**Source records:**
══════════

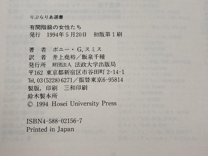 商品名:有閑階級の女性たち: フランスブルジョア女性の心象世界 (りぶらりあ選書) 法政大学出版局 ボニー・G. スミス
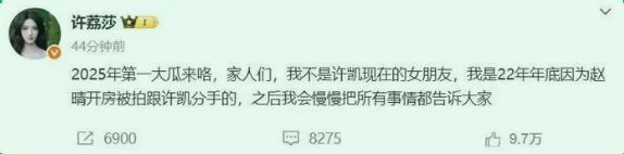 曾出演《卿卿日常》的女演员许荔莎通过社交平台发文,自曝与凭借《延禧攻略》走红的男星许凯有过一段恋情,并直言
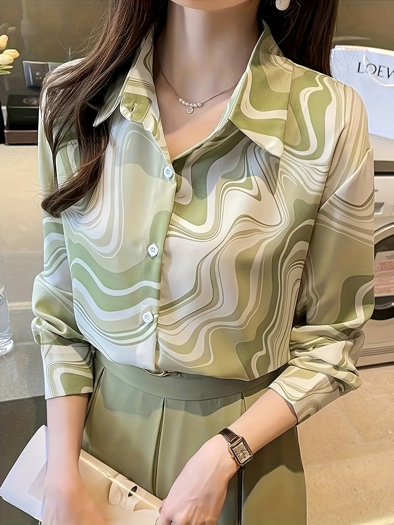 שדרגי את המראה היומיומי והמקצועי שלך עם החולצה הנשית הרחבה שלנו בעלת השרוולים הארוכים, שעוצבה לשלב בין אלגנטיות מוחלטת לנוחות עילאית. עם הגזרה הנוחה והדפסיה הגאומטריים המושכים בצבעי ירוק וכחול, חולצה זו היא התוספת המושלמת לארון הבגדים שלך כדי להתעדכן בטרנדים האחרונים מהאביב ועד הסתיו.
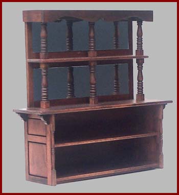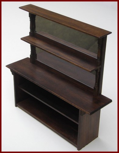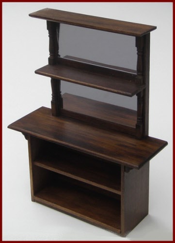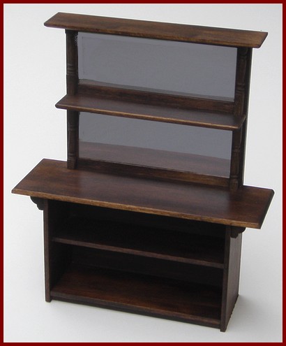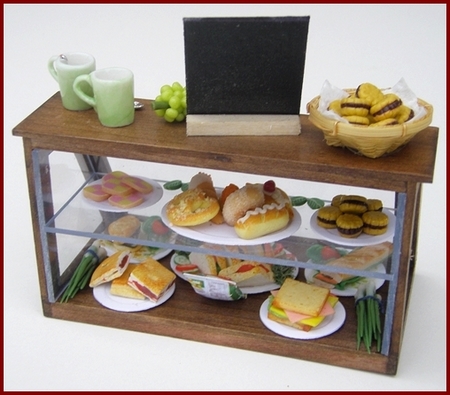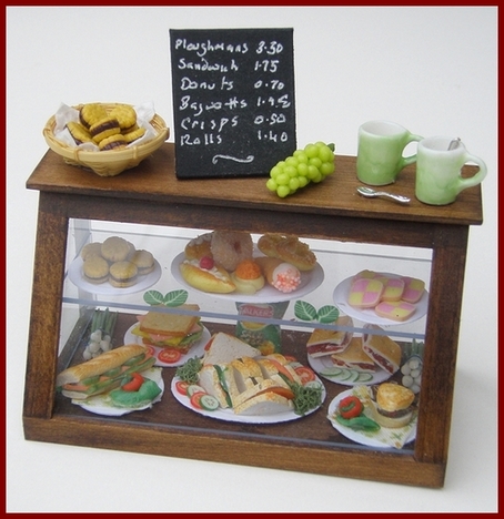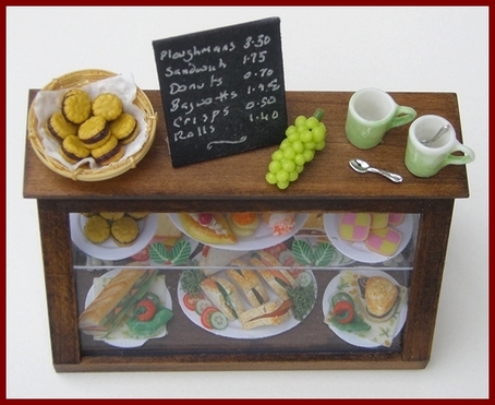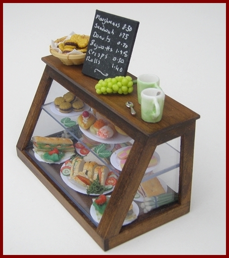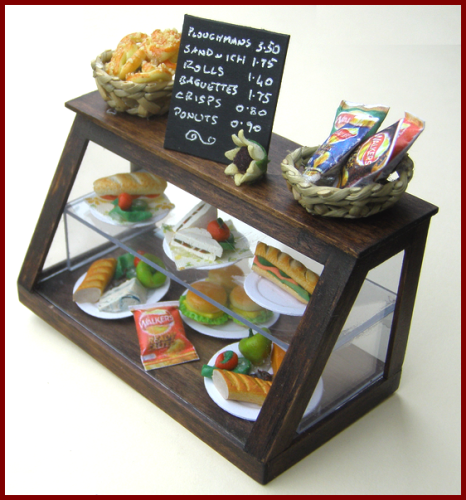 Snack display in walnut finish, to stand on a counter. Display contains a variety of hand made food and snacks. As this is a one of a kind hand made item the contents and arrangement of each display may vary from that pictured
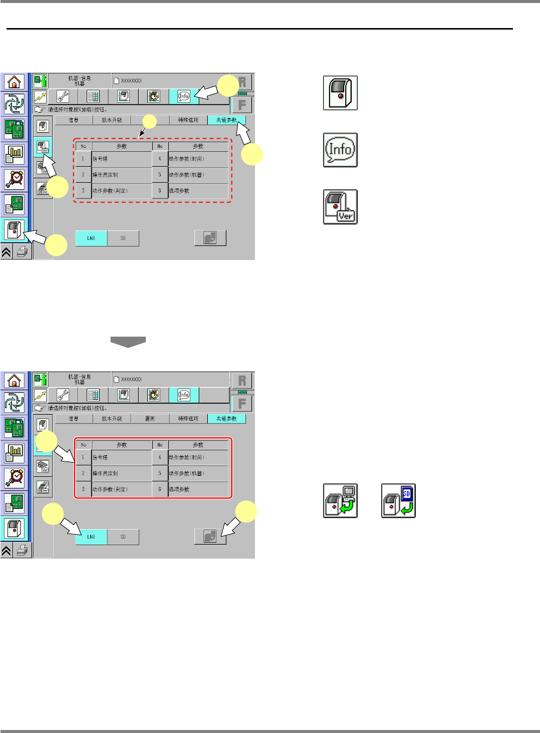 NPM-D 维修篇 1.10 共通参数 Page 1-52 EJM1DC-MB-01M-00 1.10 共通参数 通过本项功能,能够从 LNB 或 SD 中读取所选择的共通参数。 1 按 。 2 按 。 3 按 。 4 按 [ 共通参数 ] 。 a. ‘ 参数 ’ 能够读取信号塔、 操作员定制、 动作参数 ( 判定 ) 、 动作参数 ( 时间 ) 、动作参数 ( 机器 ) 、选项参数。 5 按 [No] 。 选择对象参数。 6 按 [L…
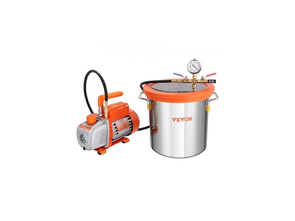 Sada vakuové komory 11,4 l a čerpadla 3,5 CFM, víko z tvrzeného skla, sada vakuové odplyňovací komory, jednostupňové vakuové čerpadlo s 250ml olejovou lahví, pro stabilizaci dřeva, odplyňování silikonů a epoxidů
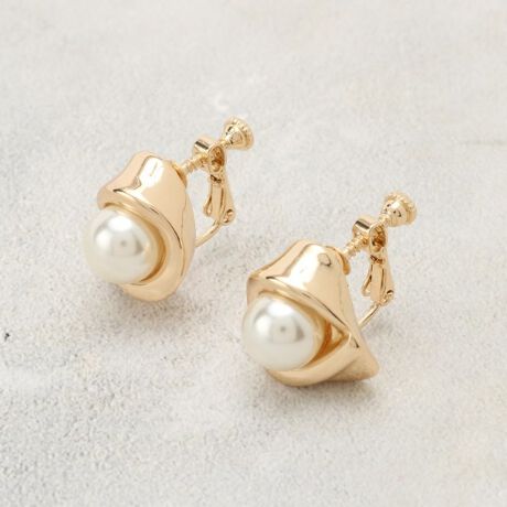 フェイクパールとメタルのバランスが映えるワンポイント、顔周りに上品なアクセントを添えます。
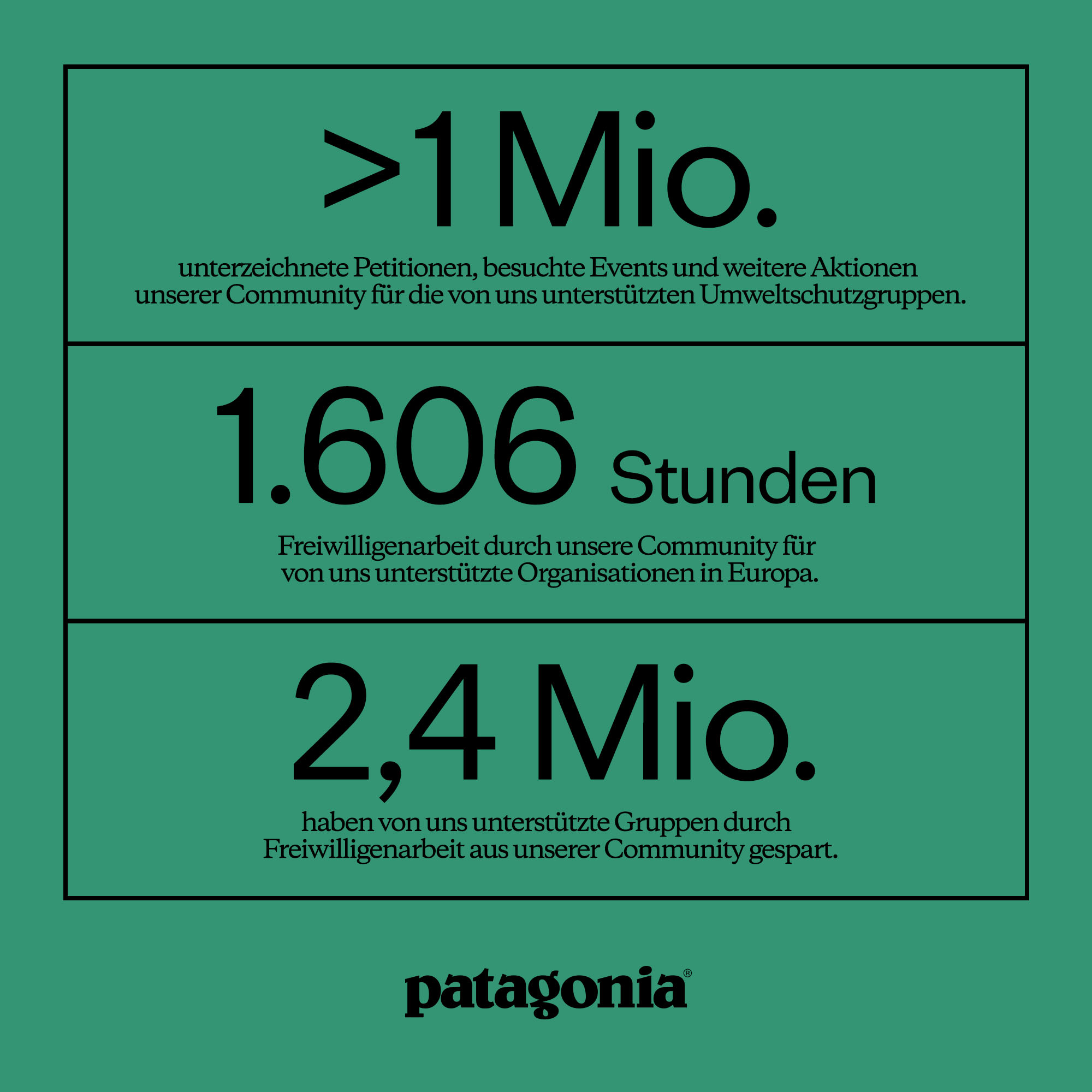 Seit Jahrzehnten spendet Patagonia 1% des Gesamtumsatzes an Klima- und Umweltschutzgruppen. Inzwischen sind Patagonia 5.700 andere Unternehmen aus 100 Ländern gefolgt und haben sich dieser Bewegung angeschlossen.

══════════

**Activity:**
Text only, no pictures: please print exactly the lines above from the line with "曾出演《卿卿日常》的女演员许" up to and including the line with "שדרגי את המראה", and nothing else.

**Expected answer:**
 曾出演《卿卿日常》的女演员许荔莎通过社交平台发文,自曝与凭借《延禧攻略》走红的男星许凯有过一段恋情,并直言
 שדרגי את המראה היומיומי והמקצועי שלך עם החולצה הנשית הרחבה שלנו בעלת השרוולים הארוכים, שעוצבה לשלב בין אלגנטיות מוחלטת לנוחות עילאית. עם הגזרה הנוחה והדפסיה הגאומטריים המושכים בצבעי ירוק וכחול, חולצה זו היא התוספת המושלמת לארון הבגדים שלך כדי להתעדכן בטרנדים האחרונים מהאביב ועד הסתיו.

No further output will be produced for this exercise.